In 2005, YISAIPU was listed as the first tumor necrosis factor (TNF-α) inhibitor in the field of rheumatism in China, and was also the first fully human antibody drug listed in China, marking a Chinese company has for the first time penetrated into fully human therapeutic antibody drugs.

The National Medical Products Administration (NMPA) has approved three indications: rheumatoid arthritis (2005), ankylosing spondylitis and psoriasis (2007), and it has been listed in the western medicine part of the National Reimbursement Drug List as a Class B drug.

YISAIPU’s domestic market share has been leading since 2006, and it is also a domestic market leader in macromolecular immune system diseases.

The “recombinant humanized anti-CD25 monoclonal antibody injection” (trade name: “Xenopax”), independently developed by the company, is currently the only humanized anti-CD25 monoclonal antibody drug approved for marketing in China. It has obtained the drug GMP certificate issued by the NMPA in June 2019 and was launched on the market in October 2019.

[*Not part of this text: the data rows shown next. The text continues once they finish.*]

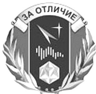
Знак главы Мирного «За отличие», в народе – значок
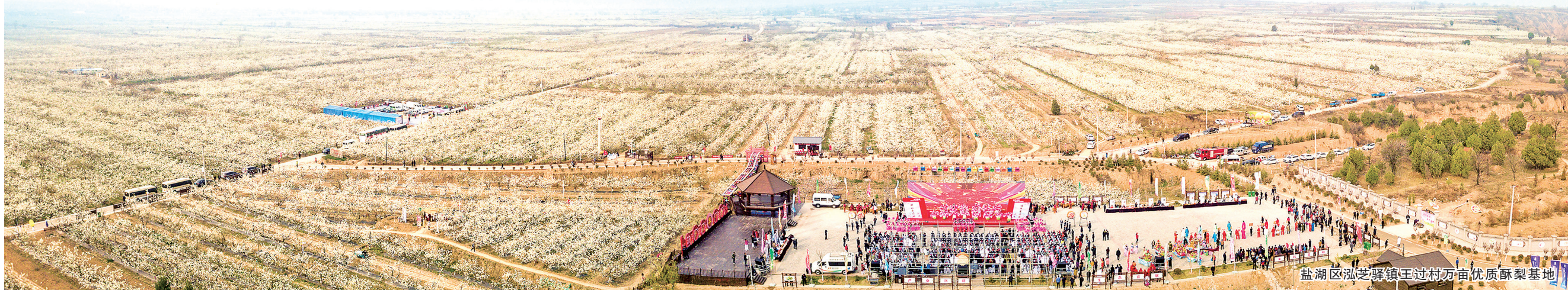
盐湖区泓芝驿镇王过村万亩优质酥梨基地
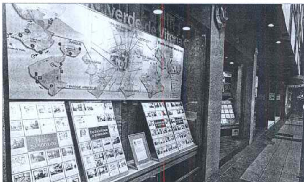
Establecimiento inmobiliario en una calle comercial de Vitoria.
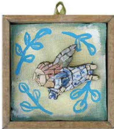
Mosaic Ikon brooch
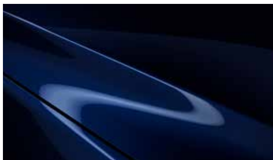
Deep Crystal Blau (42M)
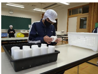
〔丸三化成稲川工場（ポリパックの結束作業）〕
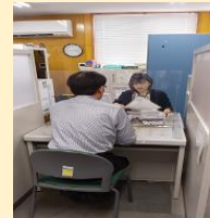
◎職業相談窓口 (2名体制)
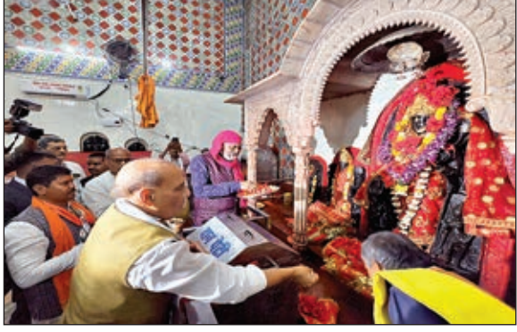
मां भद्रकाली की पूजा अर्चना करते रक्षा मंत्री राजनाथ सिंह व अन्य, मंदिर परिसर में पौधरोपण करते रक्षा मंत्री
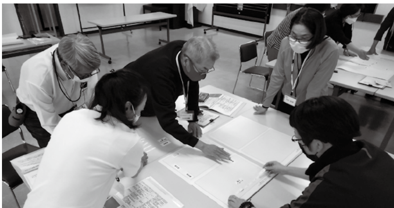
災害ボランティアセンター サポーターゼミナ〜る
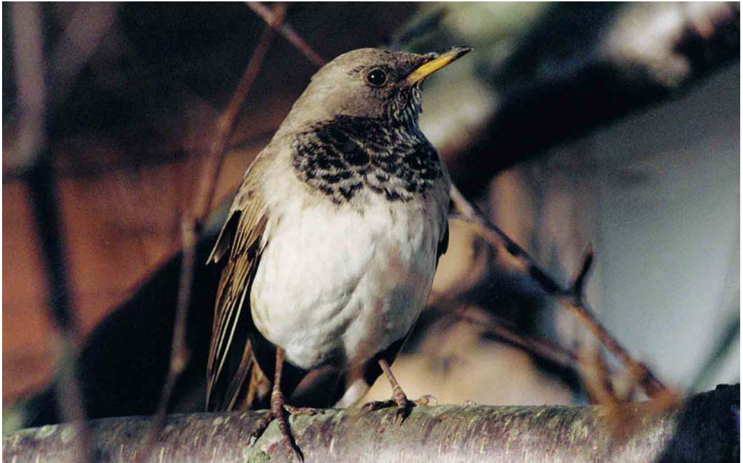
47 Black-throated Thrush / Zwartkeellijster Turdus ruficollis atrogularis , Woodlands Park, Maidenhead, Berkshire, England, January 1999
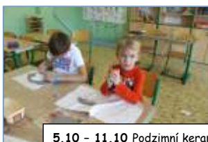
5.10 - 11.10 Podzimní keramické dílny/Jesienne warsztaty ceramiczne
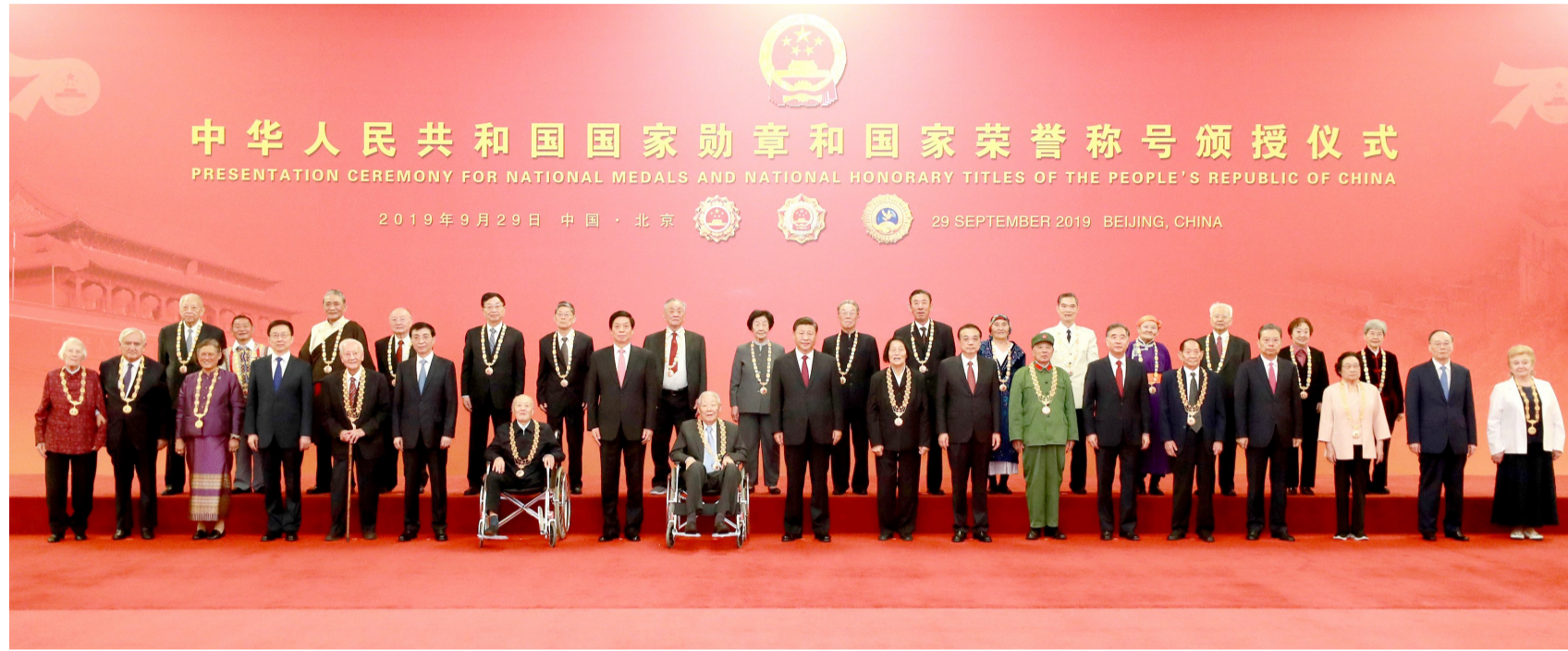
▲9月29日,中华人民共和国国家勋章和国家荣誉称号颁授仪式在北京人民大会堂金色大厅隆重举行。习近平等党和国家领导人同国家勋章和国家荣誉称号获得者合影

中华人民共和国国家勋章和国家荣誉称号颁授仪式29日上午在北京人民大会堂金色大厅隆重举行。中共中央总书记、国家主席、中央军委主席习近平向国家勋章和国家荣誉称号获得者颁授勋章奖章并发表重要讲话。习近平强调,崇尚英雄才会产生英雄,争做英雄才能英雄辈出。英雄模范们用行动再次证明,伟大出自平凡,平凡造就伟大。只要有坚定的理想信念、不懈的奋斗精神,脚踏实地地把每件平凡的事做好,一切平凡的人都可以获得不平凡的人生,一切平凡的工作都可以创造不平凡的成就。
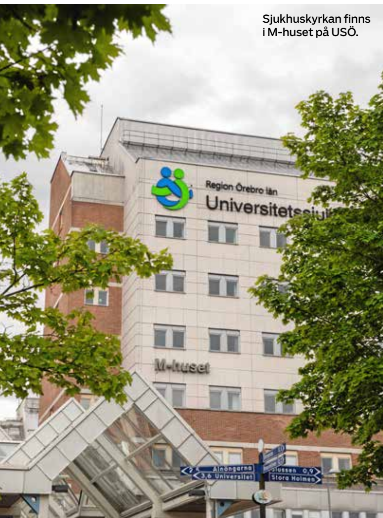
Sjukhuskyrkan finns i M-huset på USÖ.
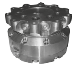
KM 15 F 273/273
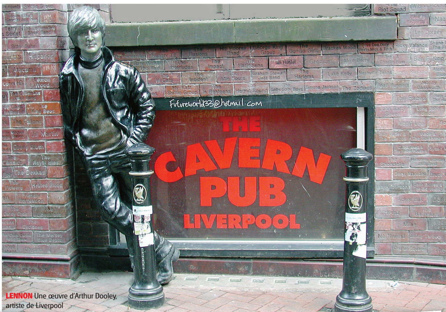
LENNON Une œuvre d'Arthur Dooley, artiste de Liverpool

Voilà donc des années que la ville vibre au tempo d'une beatlemania «qui pourrait encore bien durer cinquante ans», aux dires des guides du musée dédié aux Fab Four. Bien qu'excessif, le prix d'entrée à la Beatles Story ne décourage nullement les hordes de fans à investir un dédale résonnant de tubes inoxydables. La plupart poursuivront leur pèleri-
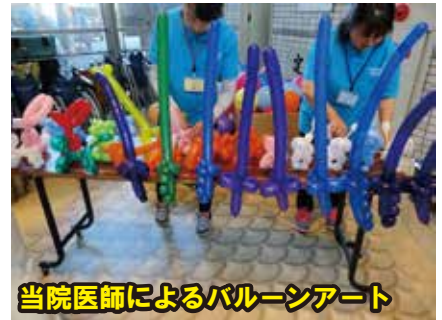
当院医師によるバルーンアート
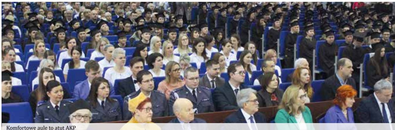
Komfortowe aule to atut AKP
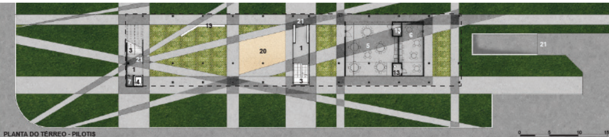
PLANTA DO TERRENO - PILOTIS

O emprego de cores reforça a unidade do conjunto e possibilita a criação da paisagem urbana que falta ao local. Em cada edifício uma cor diferente é predominante, o que permite que os blocos sejam vistos e identificados à distância, trazendo identidade para cada quadra e o sentimento de pertencimento a cada grupo de moradores.
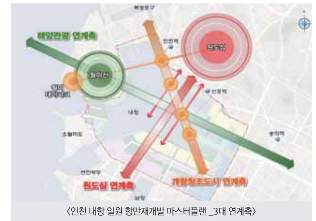
〈인천 내항 일원 항만재개발 마스터플랜 _3대 연계축〉
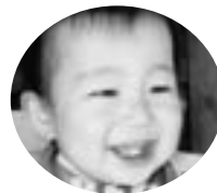
坂田山4丁目 郡司 和真くん (H19.12. 6生)
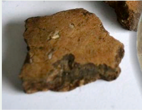
scherf van een pot van aardewerk
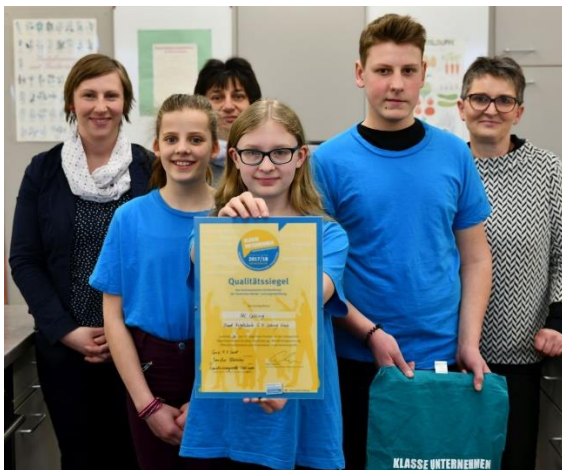
Übergabe des Qualitätssiegel KLASSE Unternehmen für „MC Lessing“ der Regelschule Greiz.

The product is for prevention of acute rejection after renal transplantation and can be combined with the routine immunosuppression regime to significantly improve the survival rate of transplanted organs and the quality of life of patients.

Cipterbin (Inetetamab for Injection) was formally approved in June 2020 as the first innovative anti-HER2 monoclonal antibody in China with the engineered Fc region, optimized production process and a stronger ADCC effect. Cipterbin obtained the GMP compliance certificate for drug production issued by the Shanghai Municipal Drug Administration in April 2020, and started to be available on the market in July 2020.

Research showed that in combination with chemotherapy drugs, it can significantly reduce the risk of disease progression in patients with HER2-positive metastatic breast cancer, improve the objective response rate, and prolong the progression-free survival of the patients.